# My fish!!



## Kolewolf (Apr 21, 2010)

Thought I would post some pics of my fish!!
Baby Argentea








Blue Phantom Pleco








Flash Pleco








Male Green Terror playing peek-a-boo








Neolamprologus Brichardi








I also Have 3 Silver dollars, and a Flagtail but they just move too fast.


----------



## VElderton (Jun 3, 2015)

Your set-up looks great. I really like the combination of SA cichlids with the Plecos and other SA fishes .... these all prefer softer water and neutral PH. 

I am just wondering why you added the Bichardi into the mix. As a Tanganyikan cichlid they usually are kept in highly mineralized and higher PH.


----------



## dino (Aug 29, 2011)

cool fish. nice setup


----------



## barvinok (Nov 20, 2011)

Some serious fish and very cool too


----------



## Kolewolf (Apr 21, 2010)

VElderton said:


> I am just wondering why you added the Bichardi into the mix. As a Tanganyikan cichlid they usually are kept in highly mineralized and higher PH.
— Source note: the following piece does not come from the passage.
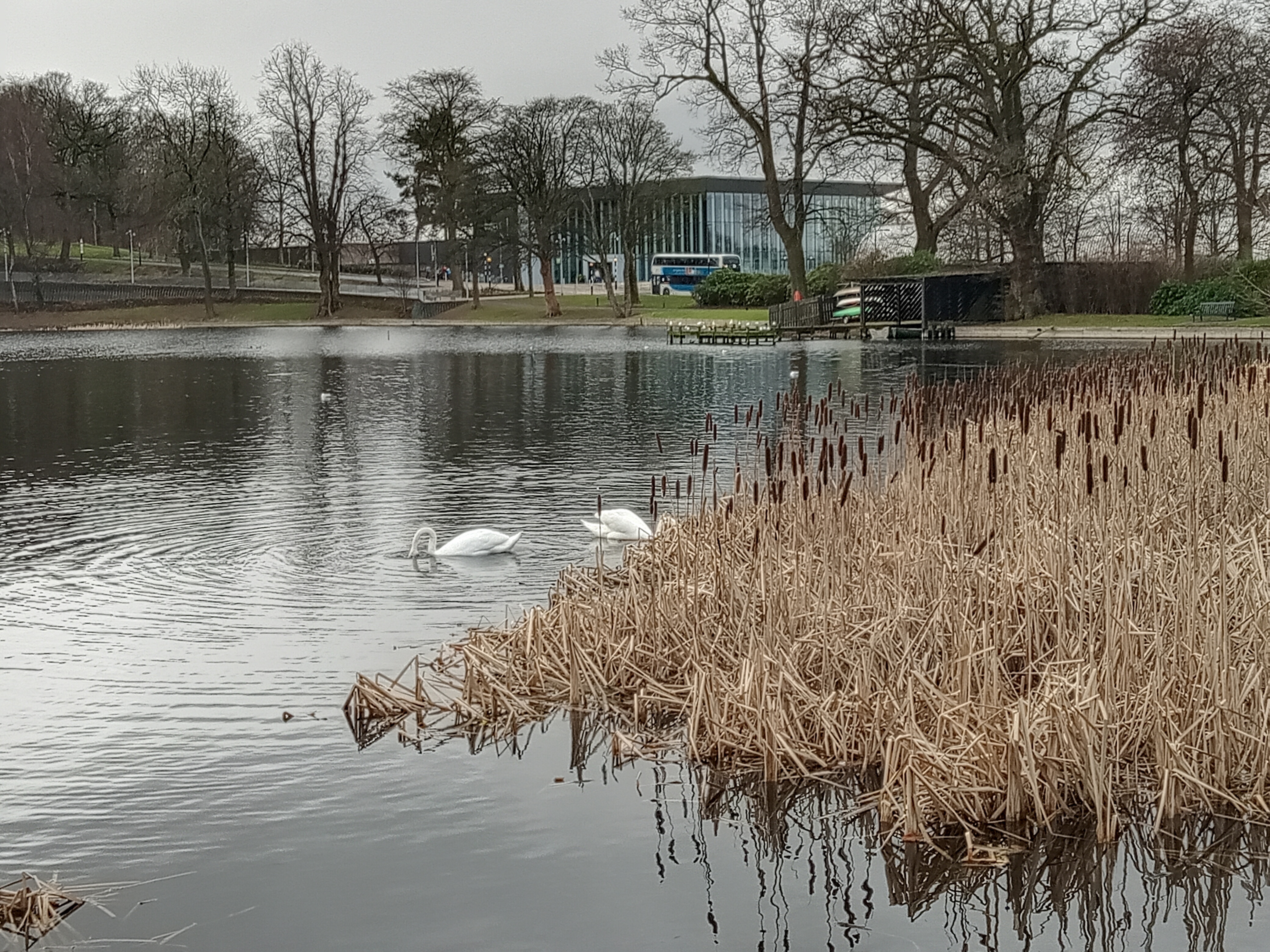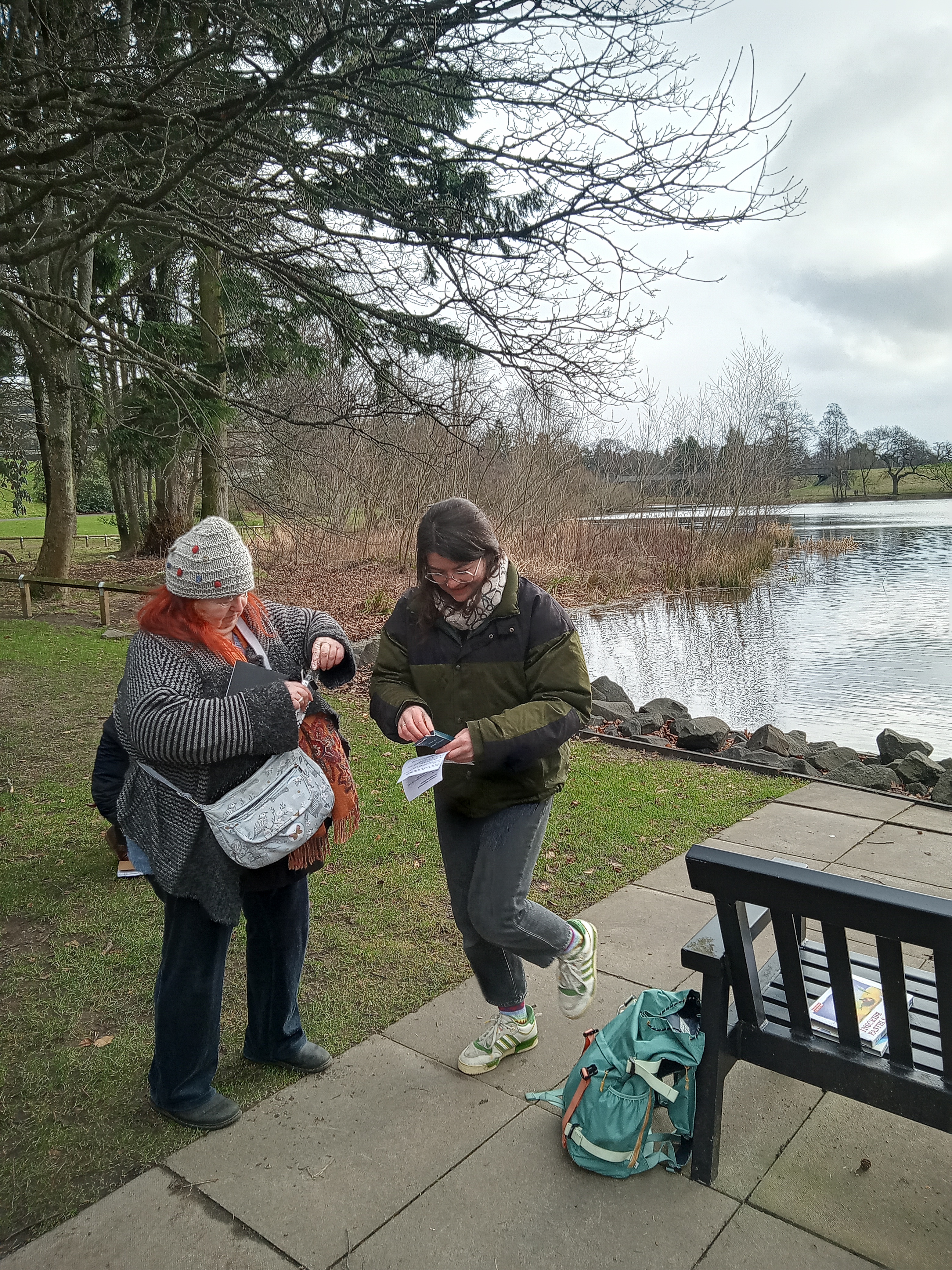 We had a lot of fun along the way. Inspired by Pete’s prompts to hear the music in everything and to think about sound creatively, we had some playful pops from the hockey pitch at Stirling University and the gentle patter of rain on a goretex, recorded close to, as well as the expected birdsong and water sounds. In Dunblane, the playpark produced a rich and playful piece of sound art and Matilda helped us improvise a piece that slickly transitioned from peaceful birdsong and the wind in the trees to the raucous sound of a chainsaw clearing up after the winter storms.

Actually the Brichardis are in a different tank. That being said todays African cichlids are almost all tank raised and the majority are like F20 or higher ( especially Brichardis who breed like rabbits) and are raised in a soft water environment and would do just fine in a mixed tank. Wild caught, of course, would be a different situation.


----------



## VElderton (Jun 3, 2015)

Thanks for the update ... makes sense. 

Regarding Africans you make a great point ... it's really important to know what water the fish have been raised in wild or tank raised. Many of the tank F2 or higher tank raised fish from solid breeders are coming out of tanks in that have a lot higher PH and mineralized water the Vancouver / Lower Mainland.


----------



## dino (Aug 29, 2011)

I've raised wild caught everything in our water. It's not really an issue


----------